Frequently asked questions

Why pgvector and not Pinecone or another dedicated vector DB?

For most SaaS up to 1M chunks, pgvector on Supabase is enough: zero extra infra, trivial tenant scoping via RLS, flat costs. Pinecone makes sense when you hit 10M+ vectors or need very complex filters. Start with pgvector and migrate later if needed.

What chunk size should I use?

400-800 tokens with 50-100 overlap works well for technical docs and articles. For legal/contracts, go up to 1000-1500 tokens — the semantic unit is longer. For chat logs, drop to 200-300. If a chunk cuts an idea in half, answers will be bad.

Which embedding model in 2026?

OpenAI's text-embedding-3-small is the workhorse: USD 0.02 per 1M tokens, 1536 dimensions, solid quality for almost any SaaS. text-embedding-3-large is 5-10% better recall but 6x the cost.
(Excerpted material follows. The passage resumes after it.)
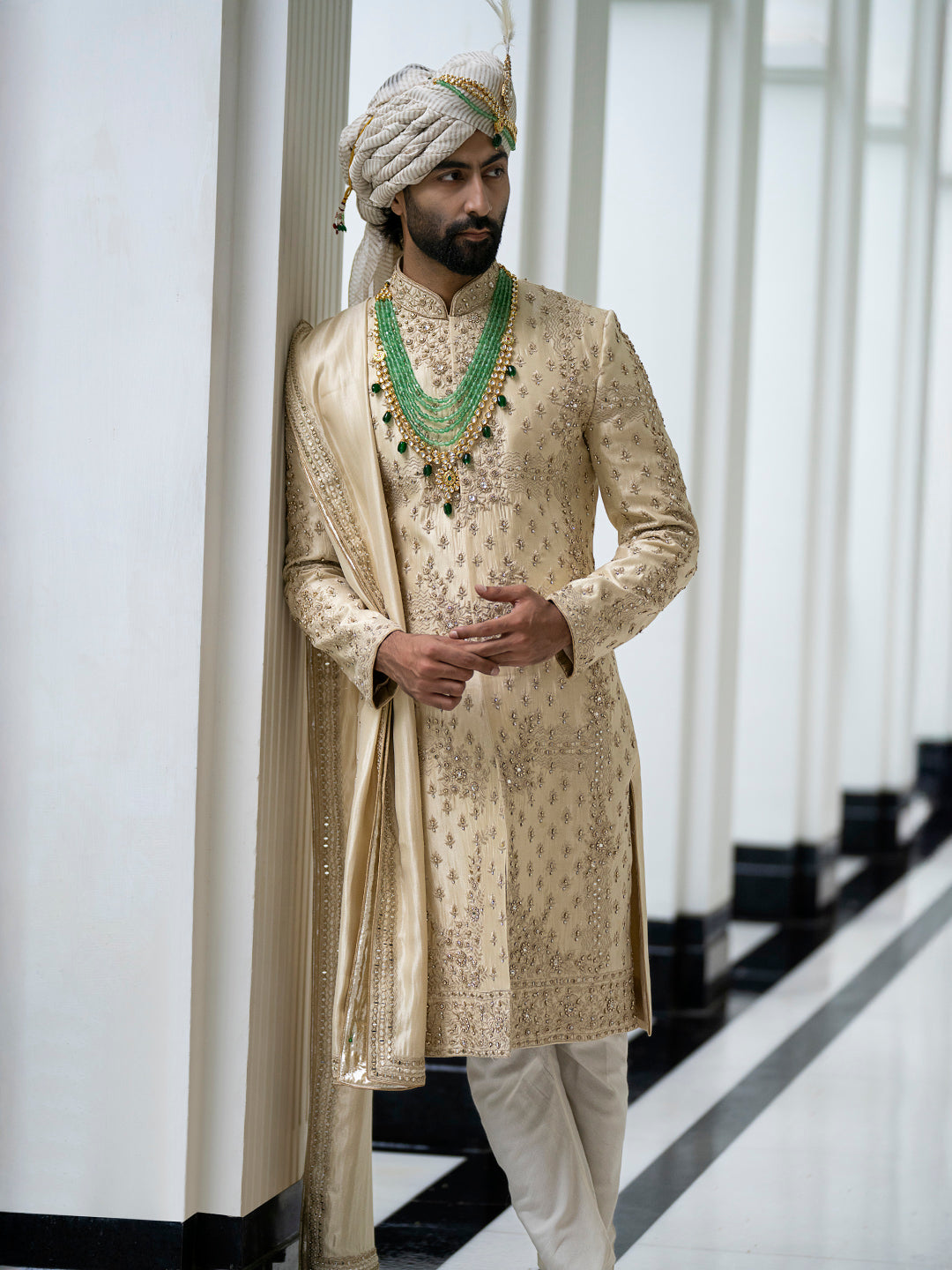 Grace every celebration with timeless elegance in this light gold Sherwani from Kora by Nilesh Mitesh, designed for the groom who values subtle luxury and classic tradition. Crafted from lustrous Tissue Silk, the ensemble is elevated with fine embroidery work that enhances its richness without overpowering its grace. Complete with an embroidered dupatta and crisp white churidar, this look is ideal for weddings, engagements, and festive ceremonies.

Voyage AI and Cohere embed-3 are valid alternatives, especially if you want to avoid OpenAI dependency.

How much does this cost to run in production?

For 5K indexed documents (10-50K chunks) and 1K queries/month: initial indexing USD 5-15 one-time, queries in operation USD 30-80/month (query embeddings + LLM completion). Supabase usually fits in free tier up to a point.

How do I handle multi-tenant permissions?

Add a `tenant_id` column to the embeddings table and filter it in the SQL query before doing the similarity search. With Supabase, configure Row Level Security policies per tenant_id. Never enforce permissions in app code alone — one bug and a customer sees another's data.

When do I NOT use RAG?

When the answer doesn't require external knowledge (tasks like classification, creative generation, translation). When the relevant documents fit in the model's context window (Claude Sonnet accepts 200K tokens — for small corpora it's simpler to stuff everything in). When you need answers that combine information across many documents — naive RAG fails on questions like 'compare all 2025 contracts'.